Fig 4. A bispecific bridge RNA recognizes target and donor DNAs The IS621 bridge RNA contains two internal loops: the target-binding loop (blue) and donor-binding loop (orange). The target-binding loop comprises two key regions that base-pair with the top and bottom strands of the target DNA, respectively: the left target guide (LTG) base-pairs with the left side of the bottom strand of the target DNA (left target; LT), while the right target guide (RTG) base-pairs with the right top strand of the target DNA (right target; RT). The donor-binding loop has an analogous architecture, with a left donor guide (LDG) base-pairing with the bottom strand of the left donor (LD) and a right donor guide (RDG) base-pairing with the top strand of the right donor (RD). Importantly, the core dinucleotide is included in every one of the base-pairing interactions (LTG-LT, RTG-RT, LDG-LD, and RDG-RD), resulting in an overlap between the right top and left bottom strand pairings and suggesting a key role for bridge RNA-core interactions for recombination. [Durrant, Perry et al.]
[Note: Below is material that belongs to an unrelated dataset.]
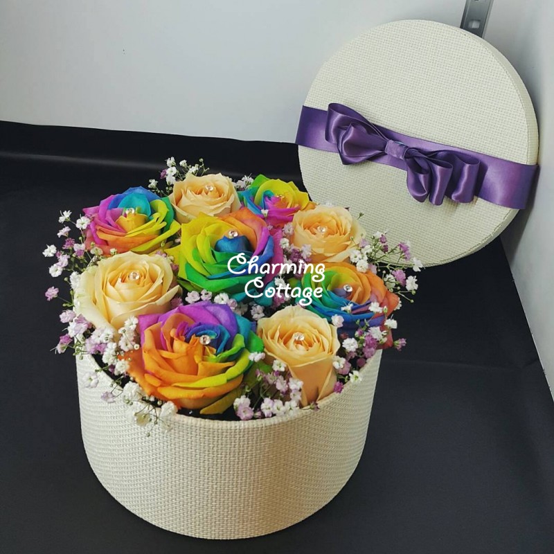 Rainbow & Champagne Roses in Exclusive Ivory Round Box along with a cute Purple Ribbon~ PREORDER for RAINBOW roses :)

The team went on to demonstrate that the modularity of each loop of the bridge RNA can facilitate the recombinase system to execute sequence-specific insertions, inversions, and excisions. This meant that the bridge RNA-guided single effector system provided “a unified, programmable, and modular mechanism for the fundamental DNA rearrangements required for genome design,” says Hsu. “We discovered a conceptually distinct mechanism of RNA-guided self recognition for a mobile genetic element and capitalized upon this mechanistic feature to enable a new method of genetic engineering.” 

A GUI for genome engineering 

Since the early days of bacterial artificial chromosomes (BACs) and yeast artificial chromosomes (YACs), assembling large sections of DNA has been technically incredibly challenging. As the field has moved towards making synthetic minimal genomes, the field has been limited to relatively short DNA synthesis and assembly techniques. With the concept of genome design in mind, Hsu explains the significance of these bridge RNAs in computer terms—they’re basically like a program that allows the user to install and uninstall packages. 

“The Xerox Alto was the first computer ever sold with a mouse and a graphical user interface (GUI),” said Hsu. “It was invented just off the street from where Arc [Institute] is today at Xerox PARC. It gave humans for the first time a simple and intuitive way to interact with information. Guide RNAs act like that mouse cursor to interact with nucleic acids in a large genome. What we’ve been doing so far is basically punching individual nucleotides and changing them, like punch-card programming. We want something that can operate at a much higher level of abstraction to design genomes. That’s where all of this is going.” 

Nature has invented it, and there are probably many more programmable systems. And Hsu will keep on looking to see what other biotechnology doors he can unlock.